The News Guild of New York said Friday the vote was 59-4 in favor of the union, which will be called the Record Guild.
The results come only a week after the New York Daily News, owned by Tribune Publishing, voted 55 to 3 to be represented by the Guild. In that case, it was a return to Guild representation which had ceased at some point about 20 years earlier when then owner Mort Zuckerman refused to negotiate a new contract.
The three New Jersey papers had turned in cards in February saying they wanted to be represented by the Guild. But Gannett had refused voluntary recognition, necessitating a vote supervised by the National Labor Relations Board. Voting wrapped up April 23, but results were only tallied on Friday.
Gannett, even before its acquisition by GateHouse Media in November 2019, had made deep cuts at The Record when it acquired it for $40 million in 2016 when it bought the family-owned North Jersey Media Group. The Record’s newsroom was cut by 50 percent and its copy desk was consolidated with other Gannett-owned papers across New Jersey including the Asbury Park Press.
Gannett, which owns USA Today, has traditionally been a non-union company. When it was taken over by GateHouse in 2019, the trend toward unionization picked up steam with one of the larger dailies under its umbrella, the Arizona Republic, voting to unionize just as the $1.4 billion Gannett acquisition by GateHouse was getting finalized. That deal combined the largest chain by total papers, Gatehouse, with the largest by total circulation, Gannett. The new company kept the Gannett name.

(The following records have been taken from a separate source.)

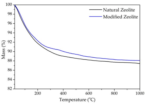 We compare the TGA curves of the natural and modified zeolites in Figure 4. The percentages of the masses of the solid particles after the complete combustion of the natural and modified zeolites were 87.43% and 88.1%, respectively (mass losses of 12.57% and 11.9%, respectively).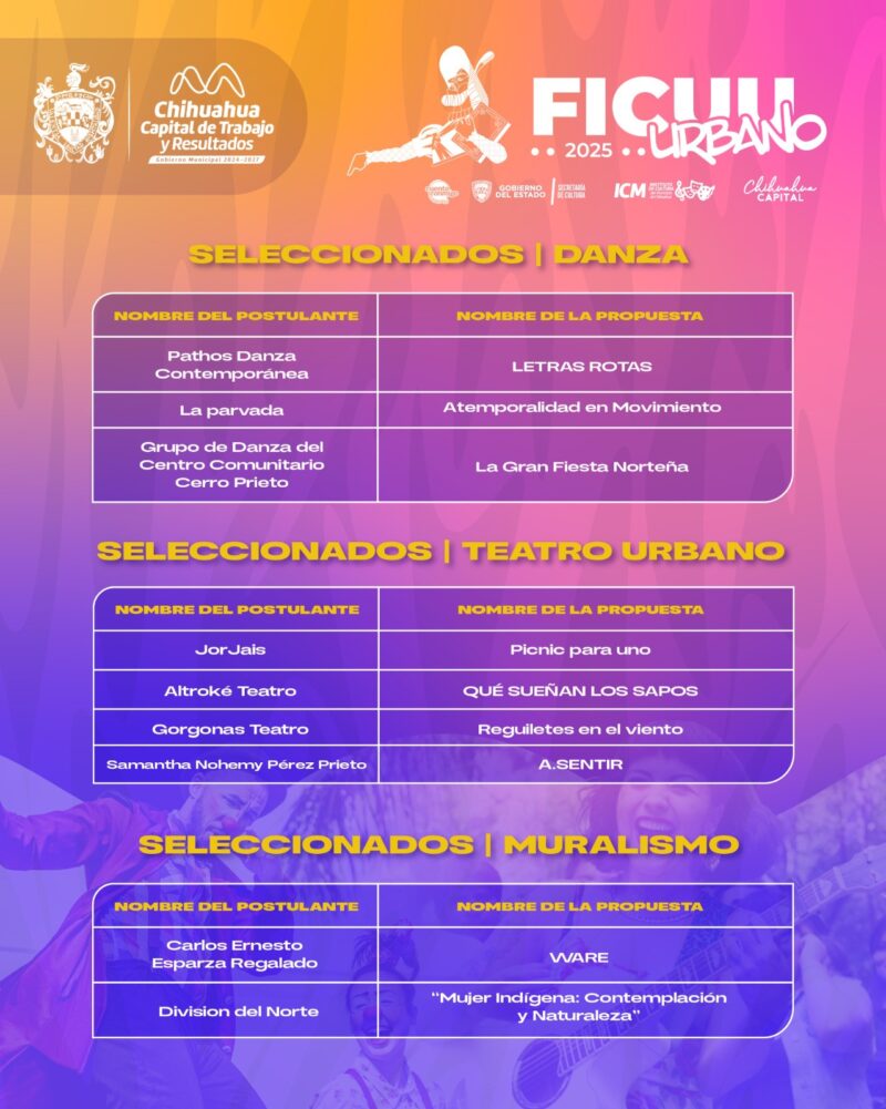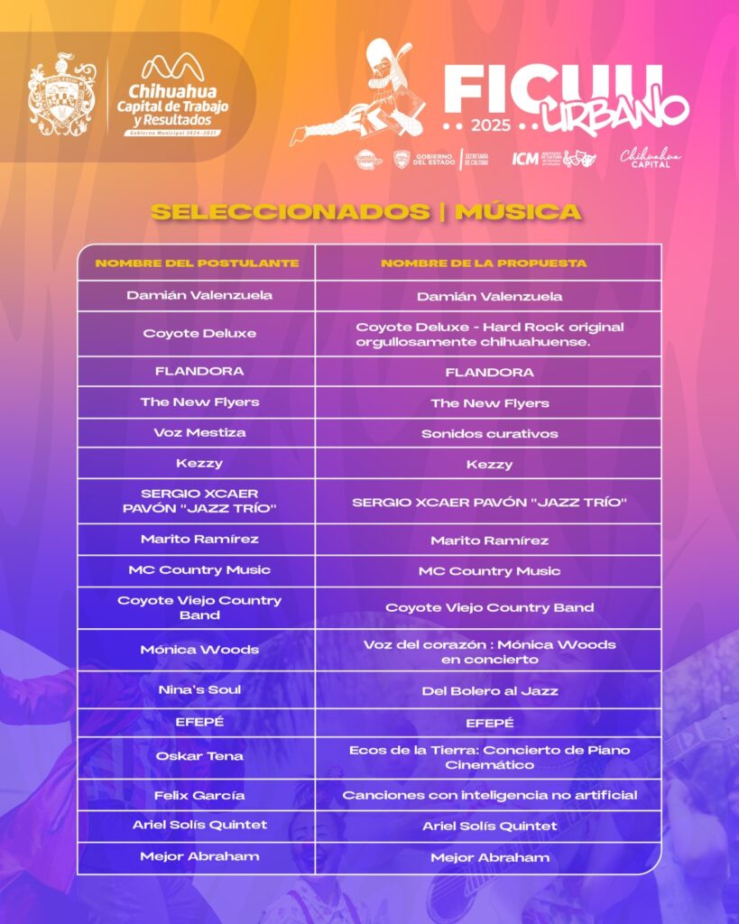 H. Ciudad de Chihuahua, Chih., a 25 de septiembre de 2025.- El Gobierno Municipal de Chihuahua, a través del Instituto de Cultura, dio a conocer a los artistas locales seleccionados que formarán parte del Festival Internacional de la Ciudad de Chihuahua (FICUU) 2025, en su edición FICUU Urbano, que se llevará a cabo este 4 y 5 de octubre en el Centro Histórico de la ciudad.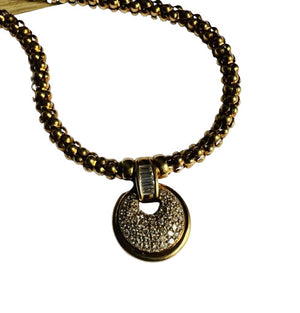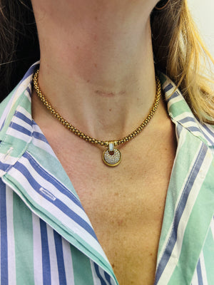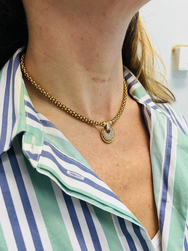 Collier maillon tubulaire en or jaune 18 carats (750/1000) centré d'un disque pavé de diamants brillantés, bélière rehaussée d'une ligne de diamants baguettes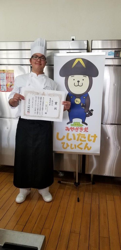 2月3日(土)に宮崎県主催の「しいたけ料理コンクール」が行われました。当校からは書類審査を通過した5名が出場しました。そして見事、穂満 啓太くんが最優秀賞に選ばれ全国大会の切符を手にしました!!全国大会でも存分に腕を揮ってください(^^)b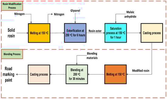 The use of thermoplastic paint is one potential approach to producing road marking paint, as it is a relatively low-cost product and is easy to use compared to cold-plastic materials. Furthermore, thermoplastic is highly durable, with constant retro-reflectivity compared to other paint types [13,14,15,16]. However, it does require more energy to heat and is sensitive to air temperature [15,16]. Rosin, including pine (Pinus merkusii)-based rosin, can be used as a thermoplastic marking paint binder. This environmentally friendly and sustainable material is widely available in Indonesia, China, and Brazil [17,18,19]. In addition, pine rosin is commonly used as an antibacterial agent, ink toner, paint, and coating [19,20,21,22,23,24,25,26]. Given its versatility and renewable source, rosin has great potential as a renewable and sustainable binder in road marking paint. Nonetheless, pine-based rosin suffers from several drawbacks, including a lack of oxidation stability, high acid value, and poor durability [23,24,27,28], due to the carboxylic acid content in pine rosin. Therefore, additional chemical treatments are necessary to equip pine-based rosin with highly durable properties.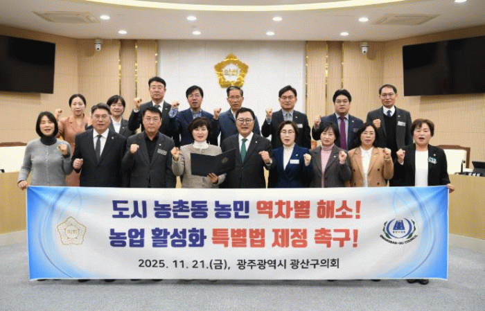 광산구의회는 윤혜영 의원(더불어민주당, 신흥동·우산동·월곡1·2동·운남동)이 대표 발의한 건의안을 통해 “대한민국 주요 대도시의 ‘동(洞)’ 지역 농민들은 정부의 농업·농촌 지원 정책에서 구조적 역차별에 직면해 있으며, 이는 농민들의 생존권과 경제적 안정에 심각한 위협이 되고 있다”고 밝혔다.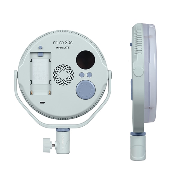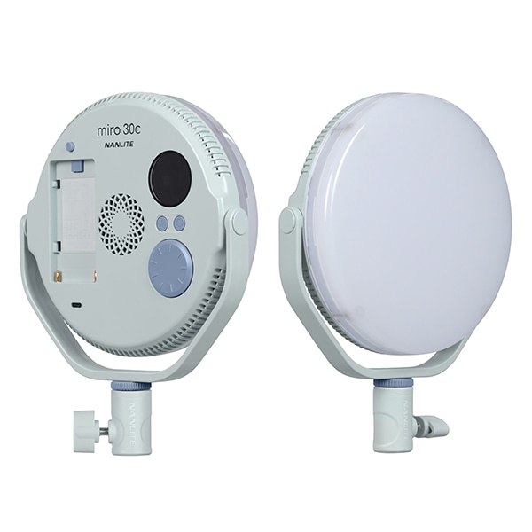 NANLITE miro 30cはコンパクトかつ多用途な円形LEDライトです。miro 30cは直径約18cmの円形デザインとマグネット式ディフューザーにより、美しく柔らかいキャッチライトを表現します。 またmiro 30cは白色のCCT(色温度)モードに加え、36000色を表現するHSIモードと多彩な照明エフェクトを備えているため、Youtube撮影、Live配信、MV、PV用の演出など様々な用途で活躍します。

The newspaper giant and the national HQ of the News Guild-CWA clashed most recently over a study released by the union last week claiming that women and minorities were seriously underpaid on the 14 papers that have Guild representation compared to the pay of white men. Gannett struck back claiming the data was outdated and inaccurate and was being produced to aid the Guild’s unionization drives.
But at least at the outset in New Jersey, the two sides are playing nice. A union spokesman said that the next step is to form a bargaining committee, come up with proposals on pay and diversity and go to the bargaining table.
“We respect the rights of our employees and their decision,” a spokesperson for the publisher said. “Gannett is committed to bargaining in good faith as we have in our other Guild-represented newsrooms. We will move forward as the leading news organization in New Jersey, focused on our mission — delivering quality journalism that makes our communities better.”